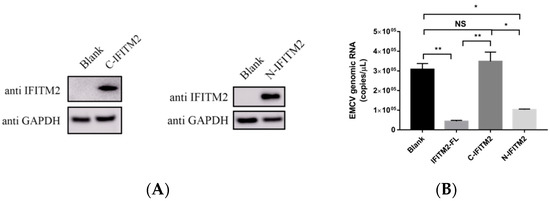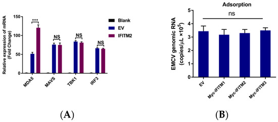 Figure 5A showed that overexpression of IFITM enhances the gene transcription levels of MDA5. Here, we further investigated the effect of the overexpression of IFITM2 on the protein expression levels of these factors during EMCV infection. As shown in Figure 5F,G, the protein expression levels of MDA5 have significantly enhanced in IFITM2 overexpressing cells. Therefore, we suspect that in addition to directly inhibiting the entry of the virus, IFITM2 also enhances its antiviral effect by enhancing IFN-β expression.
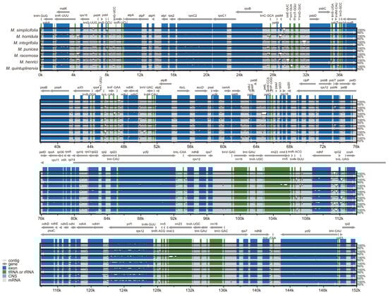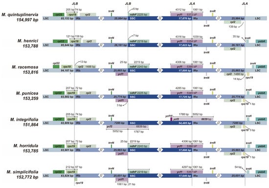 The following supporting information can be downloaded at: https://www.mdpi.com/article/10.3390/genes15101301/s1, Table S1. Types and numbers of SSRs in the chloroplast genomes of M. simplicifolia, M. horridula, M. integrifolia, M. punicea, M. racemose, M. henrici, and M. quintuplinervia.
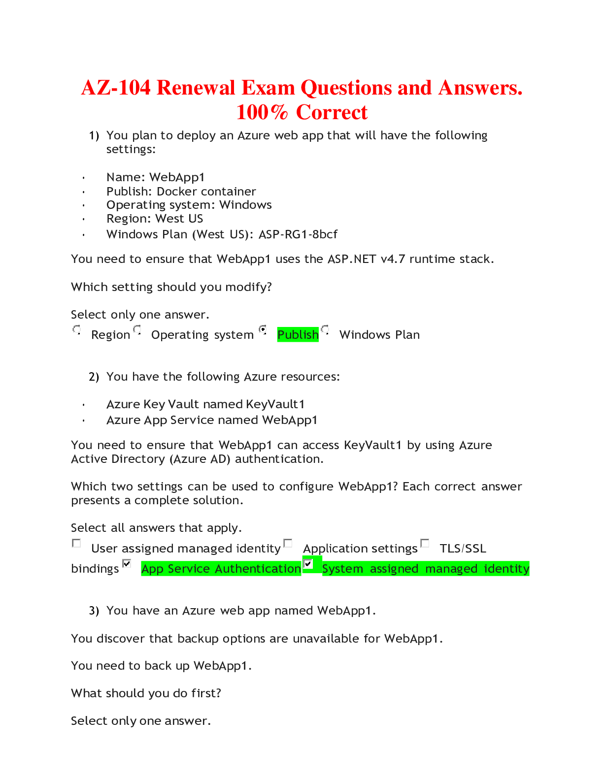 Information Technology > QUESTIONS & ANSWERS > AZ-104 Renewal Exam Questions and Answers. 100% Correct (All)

# TASK OBJECTIVE
Reproduce the material in its entirety and word for word, without the pictures.

# TASK RESPONSE
 Figure 5A showed that overexpression of IFITM enhances the gene transcription levels of MDA5. Here, we further investigated the effect of the overexpression of IFITM2 on the protein expression levels of these factors during EMCV infection. As shown in Figure 5F,G, the protein expression levels of MDA5 have significantly enhanced in IFITM2 overexpressing cells. Therefore, we suspect that in addition to directly inhibiting the entry of the virus, IFITM2 also enhances its antiviral effect by enhancing IFN-β expression.
 The following supporting information can be downloaded at: https://www.mdpi.com/article/10.3390/genes15101301/s1, Table S1. Types and numbers of SSRs in the chloroplast genomes of M. simplicifolia, M. horridula, M. integrifolia, M. punicea, M. racemose, M. henrici, and M. quintuplinervia.
 Information Technology > QUESTIONS & ANSWERS > AZ-104 Renewal Exam Questions and Answers. 100% Correct (All)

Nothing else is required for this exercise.